YOUR OBJECTIVE: Pull out every line below that holds the word "with".

===== INPUT MATERIAL =====

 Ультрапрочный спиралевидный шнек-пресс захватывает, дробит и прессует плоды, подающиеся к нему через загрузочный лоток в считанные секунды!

=====
===== INPUT MATERIAL =====

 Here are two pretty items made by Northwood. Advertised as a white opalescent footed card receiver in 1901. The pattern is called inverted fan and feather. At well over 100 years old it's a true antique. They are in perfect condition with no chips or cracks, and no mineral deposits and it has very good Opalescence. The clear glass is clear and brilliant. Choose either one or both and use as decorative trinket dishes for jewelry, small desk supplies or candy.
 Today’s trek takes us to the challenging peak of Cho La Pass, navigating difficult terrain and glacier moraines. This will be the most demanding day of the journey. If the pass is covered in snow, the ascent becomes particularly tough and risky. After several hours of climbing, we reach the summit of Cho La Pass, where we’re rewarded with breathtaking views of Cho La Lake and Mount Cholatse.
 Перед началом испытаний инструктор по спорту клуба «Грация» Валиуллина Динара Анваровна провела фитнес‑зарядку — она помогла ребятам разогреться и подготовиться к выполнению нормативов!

=====
===== INPUT MATERIAL =====

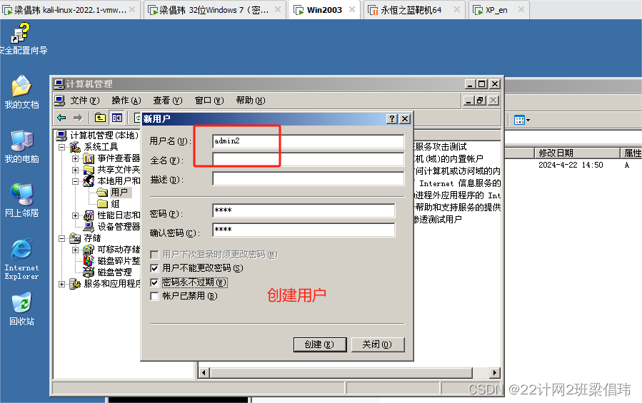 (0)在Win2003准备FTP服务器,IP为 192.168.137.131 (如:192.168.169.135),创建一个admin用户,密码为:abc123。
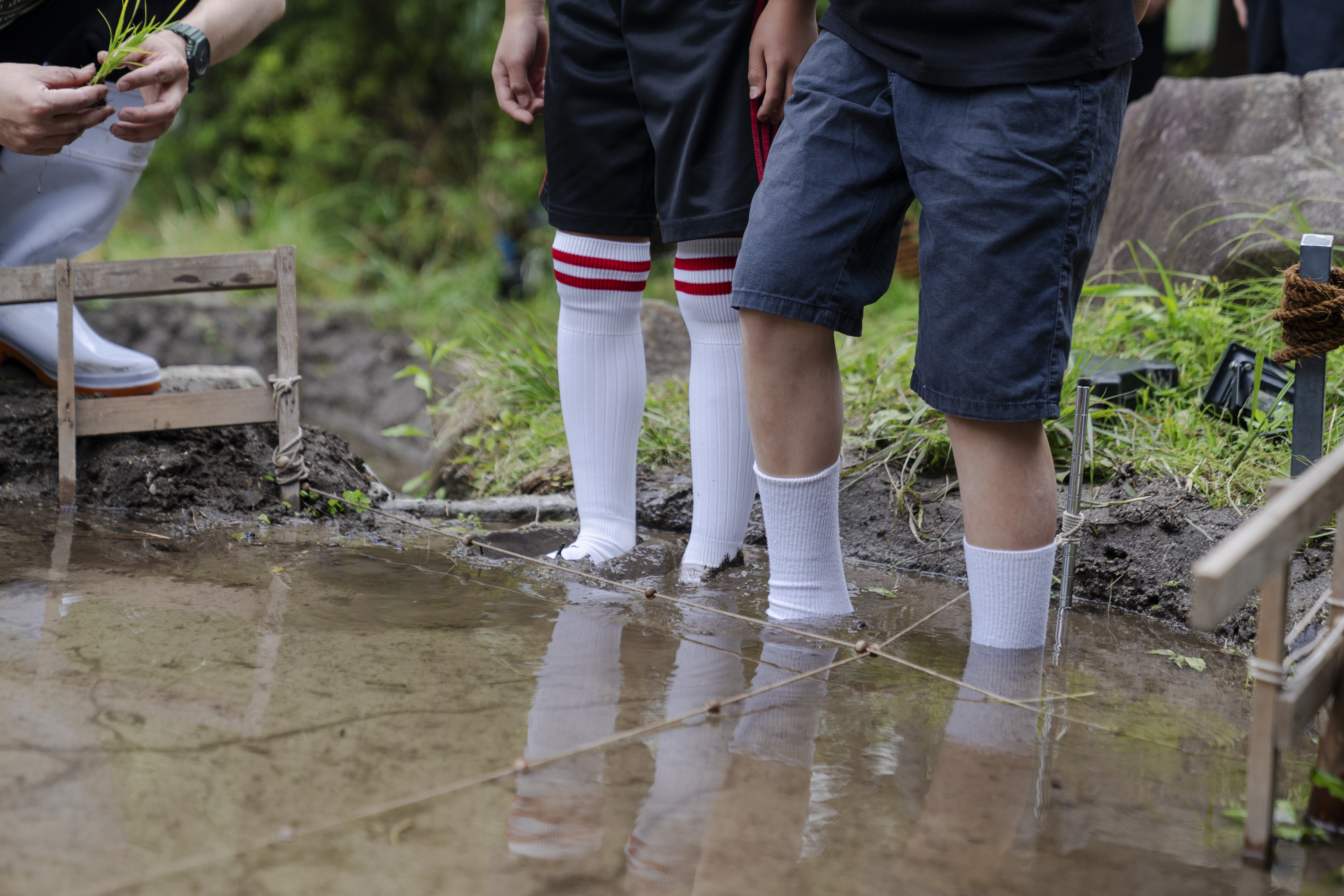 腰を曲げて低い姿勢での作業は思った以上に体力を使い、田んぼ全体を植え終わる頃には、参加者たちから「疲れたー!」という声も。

=====

ANSWER TO THE EXERCISE:
 Here are two pretty items made by Northwood. Advertised as a white opalescent footed card receiver in 1901. The pattern is called inverted fan and feather. At well over 100 years old it's a true antique. They are in perfect condition with no chips or cracks, and no mineral deposits and it has very good Opalescence. The clear glass is clear and brilliant. Choose either one or both and use as decorative trinket dishes for jewelry, small desk supplies or candy.
 Today’s trek takes us to the challenging peak of Cho La Pass, navigating difficult terrain and glacier moraines. This will be the most demanding day of the journey. If the pass is covered in snow, the ascent becomes particularly tough and risky. After several hours of climbing, we reach the summit of Cho La Pass, where we’re rewarded with breathtaking views of Cho La Lake and Mount Cholatse.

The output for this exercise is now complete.